Thread by @JamesWard73, You may be wondering why @bristoliver rather cryptically RT’d a chart that [...]

You may be wondering why @bristoliver rather cryptically RT’d a chart that I posted last night. The answer is not just that he loves quadratic fits on log axes, but that this chart may –and I stress may– hint at a vaccine effect amongst the over 80s THREAD https://twitter.com/JamesWard73/status/1354511535285166081?s=20

https://twitter.com/JamesWard73/status/1354511535285166081?s=20

WARNING: this is a long thread, and it’s a bit of a roller-coaster. We find some apparently strong patterns in the data, and then start to unpick them a bit. So if you start getting excited half way through you might find you’re less excited at the end. But we’ll see…

First we first have to go back a bit. @bristoliver posted a thread a few days ago explaining why, with a constant vaccination rate, a log plot of cases should show a quadratic form. In other words, it should fit an equation like: a + b.x + c.x^2

I meant to link in the model thread there - here it is https://twitter.com/BristOliver/status/1353270197935812608?s=20

https://twitter.com/BristOliver/status/1353270197935812608?s=20

the quadratic coefficient – the ‘c’ in that equation – gives an estimate of the % of the population who are being newly protected by the vaccine each day. Please note ‘protected by the vaccine’, not ‘vaccinated’ – as we don't expect 100% protection after the first dose

with some prompting from @FLermyte (thank you!), I started last night to look at the over-80s case data from 8-23 Jan, which is the bit to the right of the peak in the graph below (note I’m using a 7-day average, so the raw case data is actually from 2-23 Jan)

On a log plot, you can see that the line curves down to the right, so a simple linear trend-fit doesn’t work very well.
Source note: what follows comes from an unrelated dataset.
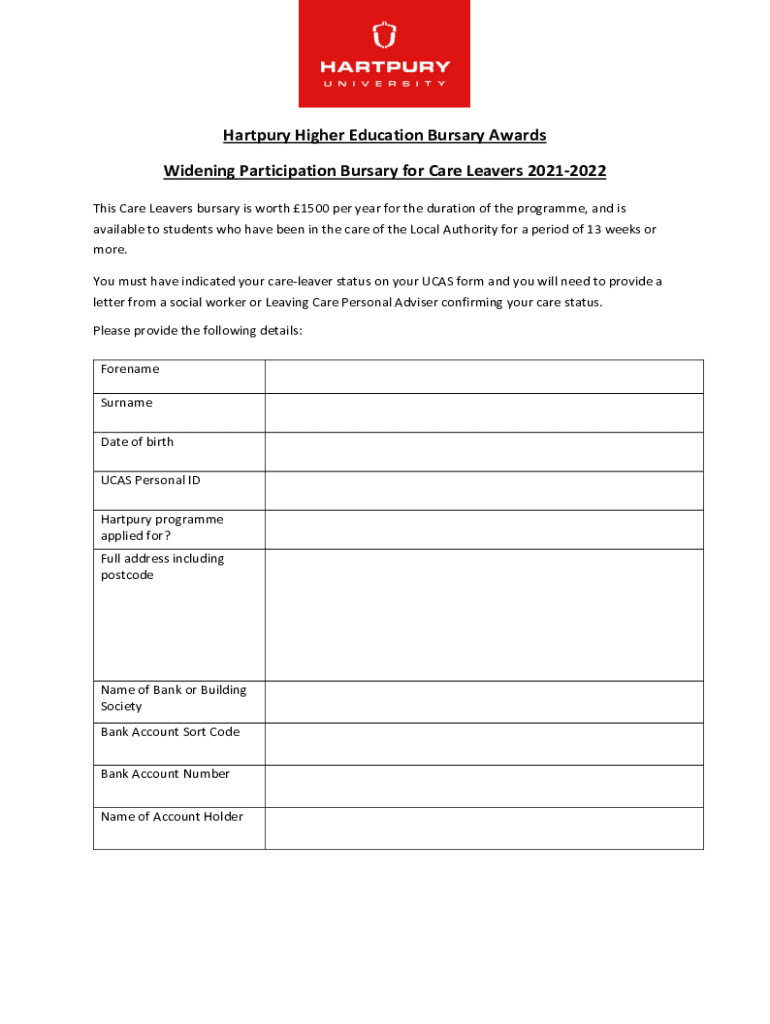 Arthur Higher Education Bursary Awards Widening Participation Bursary for Care Leavers 20212022 This Care Leavers bursary is worth 1500 per year for the duration of the program, and is available to

The rate of decline appears to be accelerating over time.

We get a much better fit if we use a quadratic equation to fit to this. And using @bristoliver’s model, we can use the coefficient of x^2, and multiply this by 10 to give us an estimate of the %ge of people newly protected per day

Here the coefficient is 0.00067, so ten times that is 0.0067, which is 0.67%. And we know that there are 2.84m over-80s in England, so that converts to about 19,000 people being newly protected each day.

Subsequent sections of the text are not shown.